Did you not read the judge's opinion? I can do no better than his statement:
"While evolution is subject to criticism, particularly with respect to the mechanism by which it occurred, the sticker misleads students regarding the significance and value of evolution in the scientific community."
: The students should be aware of the debate that exists,
Most students are aware, especially those with parents who object to the ideas of evolution and those who are in social environments where evolution is actively frowned upon.
: even within the "scientific community"
Just what do you think is being debated in the scientific community?
: which is only a minor part of the community as a whole.
Perhaps, but the scientific community's practices and judgments define science.
: Why try to silence the opposition, if education regarding the facts would do?
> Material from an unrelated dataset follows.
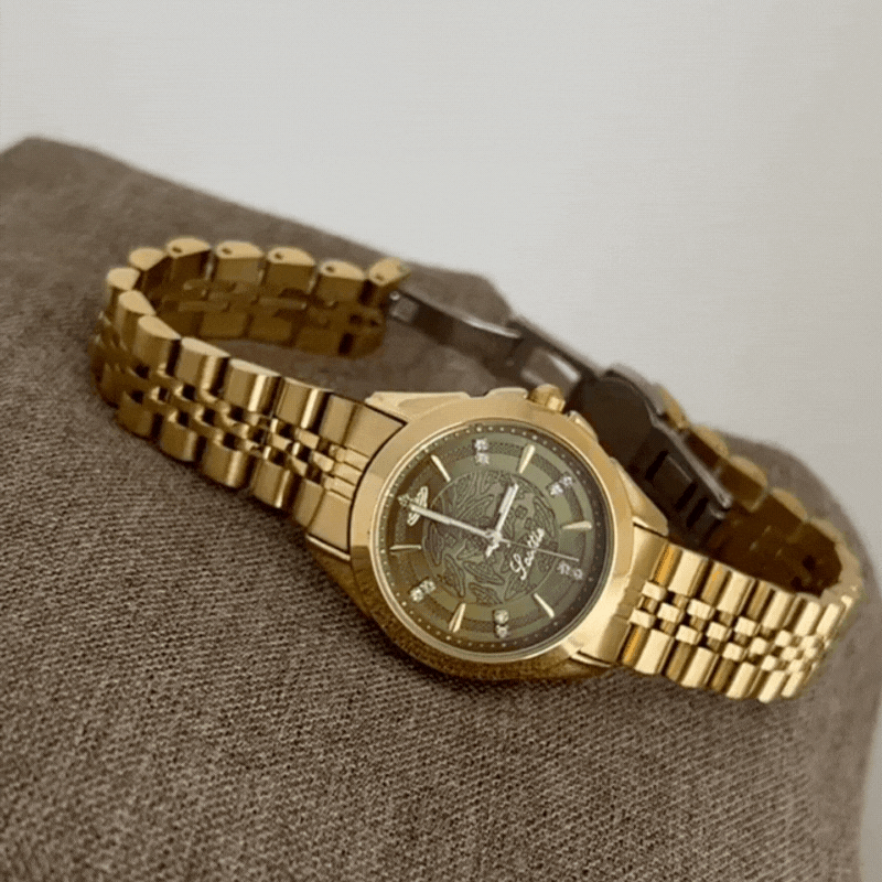 Denne kvartsklokken for kvinner har en livlig grønn rund urskive, plassert i en polert gullfarget deksel, og parret med en klassisk gulllenkearmbåndInspirert av vintage-silhuetter, blander den dristige farger med tidløst metall – perfekt for å lage et subtilt, men selvsikkert uttrykk.

Here you're admitting that the sticker's message was not neutral at all, but a message from "the opposition". Euphemism, please take note that the real message of the sticker has gotten across to folks like czarofmischief.
No matter, see my comments to Euphemism regarding chemistry on page two of this thread.
: Are you trying to "protect" students from ideas, even as the fundie side did when evolution started being taught?
As I've stated repeatedly, students can get all sorts of ideas from many quarters. The point is about whether the U.S. government should sponsor or allow, in publicly funded schools, religious ideas masquerading as science (see above comments about who in our society are the keepers of scientific knowledge).
: HA! Good luck with THAT. You'd do better for your cause to let the other side have its moment and then argue it into submission.
That is already done in any number of ways. Look at the debates on the Usenet group talk.origins.
: If the textbook is a good one, then the sticker will make no difference to the student.
It will to some, as the judge stated. But once again, the main point of removing the sticker is to avoid giving political mileage to religionists with a political agenda, which would violate our Constitution.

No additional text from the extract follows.